Using strategic and finance leadership to improve the lives of children


How a change in climate raised awareness in equity

The regulatory climate is in constant flux and, as finance professionals worldwide navigate the latest standards, regulations and guidance, the Family First Prevention Services Act of 2018 (February 2018), which must be implemented by October 2021, provided for significant changes to the United States federal child welfare financing system. Translated into layman’s terms, the focus is on keeping children at home or in a more home-like environment by providing necessary funding to enable such success.

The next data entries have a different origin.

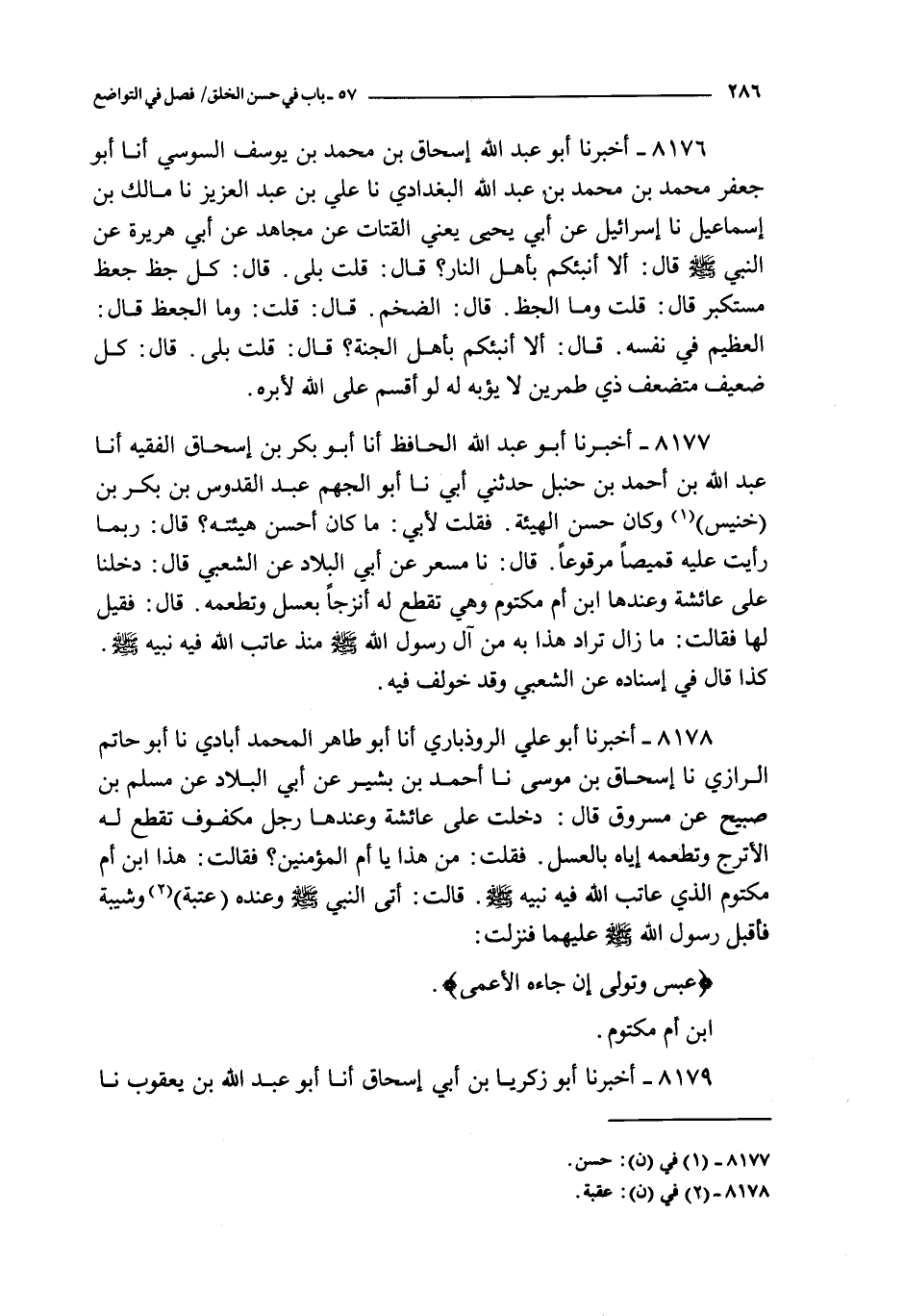 8178 - أخبرنا أبو علي الروذباري أنا أبو طاهر المحمد أبادي نا أبو حاتم الرازي نا إسحاق بن موسى نا أحمد بن بشير عن أبي البلاد عن مسلم بن صبيح عن مسروق قال : دخلت على عائشة و عندها رجل مكفوف تقطع له الأترج و تطعمه إياه بالعسل فقلت : من هذا يا أم المؤمنين ؟ فقالت : هذا ابن أبي مكتوم الذي عاتب الله فيه نبيه صلى الله عليه و سلم قالت : أتى النبي صلى الله عليه و سلم و عنده عتبة و شيبة فأقبل رسول الله صلى الله عليه و سلم عليهما فنزلت :
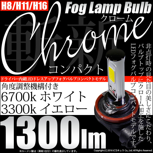 | LED,ピカキュウ,LEDバルブ専門店,COB,FOG,Chrome Fog Lamp Bulb 1300lm,ドライバー内蔵クロームLEDドレスアップフォグバルブ,ホワイト6700ケルビン,イエロー3300ケルビン,H8/H11/H16 |
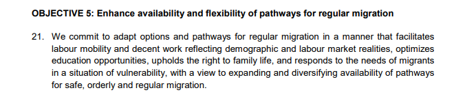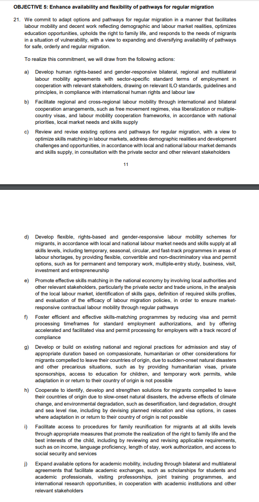 Dette skal gjøres på en måte som «tar sikte på å skaffe flere og mer mangfoldige veier til trygg, velordnet og regulær migrasjon».
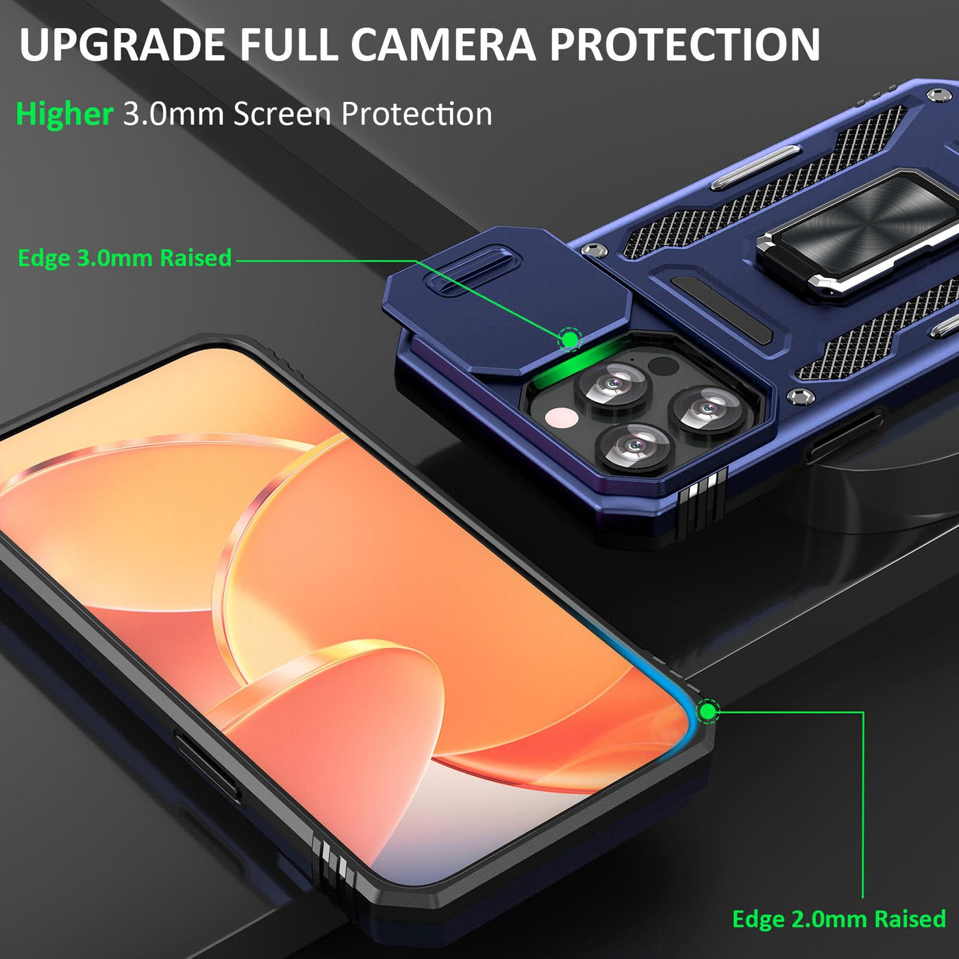 Sefing Case For Iphone 15 Pro Phone Case Iphone 15 Pro Case With Camera Lens Cover, With Ring Holder Kickstand, Fit Magnetic Car
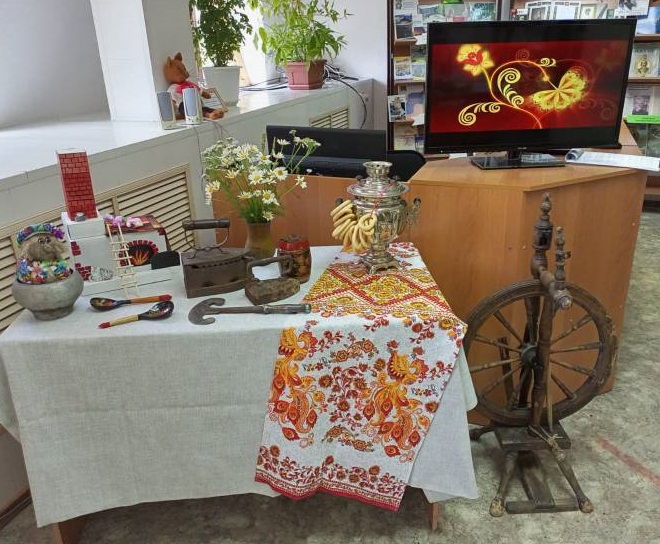 Прекрасным дополнением события стала книжно-иллюстративная выставка «Мир народной культуры», где книги и периодические издания были дополнены предметами быта: вышитыми полотенцами, расписными ложками, самоваром и угольным утюгом.
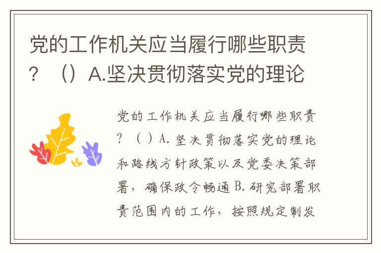 党的工作机关作为党实施领导、加强建设、推进事业的执行机关,其职责在《中国共产党工作机关条例(试行)》中有明确规范,涵盖政策执行、决策辅助、自身建设等核心领域。根据条例第十一条及相关规定,题目选项A、B、C、D、E均为正确答案,具体对应以下法定职责:

Lucas County Children Services (LCCS), located in Lucas County, OH, is the focus of this case study on financial transformation in a new regulatory climate. The successful influence and impact of the certified professional finance leader is demonstrated through budgeting and realignment of finances, strategies, validation of mission and values and strategies, engagement of all stakeholders and effective communication. This resulted in the development of the LCCS core strategic priorities:

  • Safely reduce children in foster care by 75%.
  • Develop competencies to reduce disproportionality and eliminate racial and ethnic disparities.
  • Develop a parent and kin training institute.
  • Leverage strategic collaboration to advance a system of prevention.
  • Implement best practice improvements

Beginning with the ultimate priority to safely reduce the number of children in foster care in 2023 by a cumulative 75% as compared to the baseline of 2019, the target was immediately identified. To reach this goal the agency would have to make substantial progress on achieving their other strategic priorities.